Wednesday, August 24th, 2011

Institute for Far Eastern Studies (IFES)
2011-8-24

Kim Jong Il’s visit to Moscow on August 20 is sparking interest for the future of economic cooperation between the two countries.

According to the KCNA, Russian President Dmitry Medvedev expressed interest to increase trilateral cooperation between the ROK-DPRK-Russia in the gas, energy, and railroad sectors. In the message sent from Medvedev to mark the 66th anniversary of independence from Japanese colonial rule, “plans to expand cooperation with the DPRK and the ROK in gas, energy, and railroad industry” were emphasized.

The cooperation projects are evaluated to have “great economic and political significance contributing to the stability in Northeast Asia and denuclearization of the Korean peninsula.”

In July 4, the KCNA reported that the delegates from the Russian energy giant Gazprom headed by Chairman Alekhsandr Ananenkov visited Pyongyang to discuss energy cooperation, although details of the visit was not elaborated. Ananenkov was reported to have met with North Korean officials in gas and oil industriesto discuss bilateral cooperation in these areas.

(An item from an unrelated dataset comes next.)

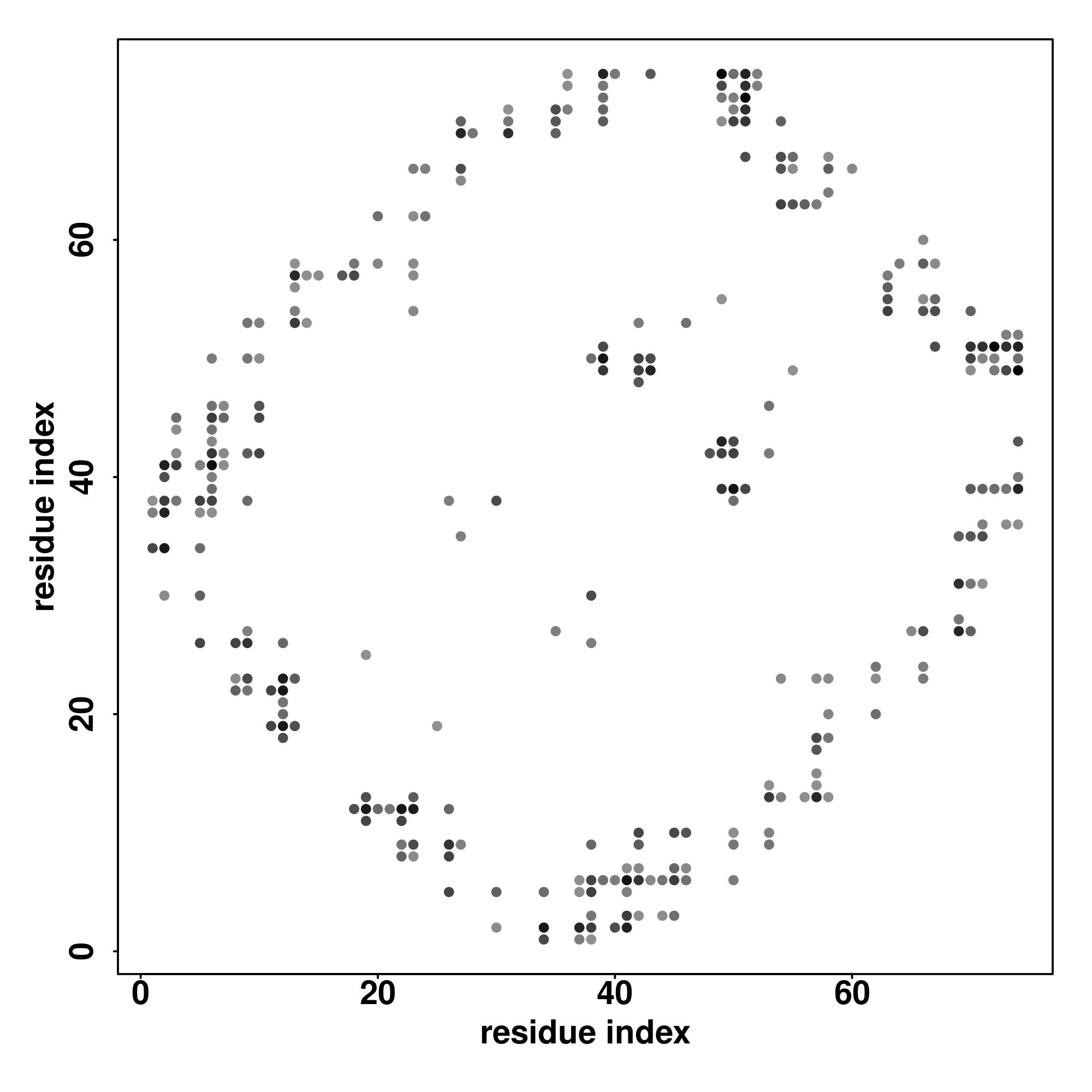 For the contact map, each dot represents a residue pair with predicted contact,

Russia has also expressed interest in linking gas pipelines to export natural gas to South Korea via inter-Korean railroad system.

A spokesperson of the foreign ministry of the DPRK reported on the recent visit from the vice-foreign minister and chief representative of Russia on Six-Party Talks, Aleksei Borodavkin, this past March. In the statement, the Russian government expressed concerns for improving inter-Korean relations and stressed prospects of the tripartite economic cooperation projects with North and South Korea including the construction of railways, gas pipeline, and a transmission line linking the three countries. The DPRK also expressed support for the upcoming economic cooperation projects.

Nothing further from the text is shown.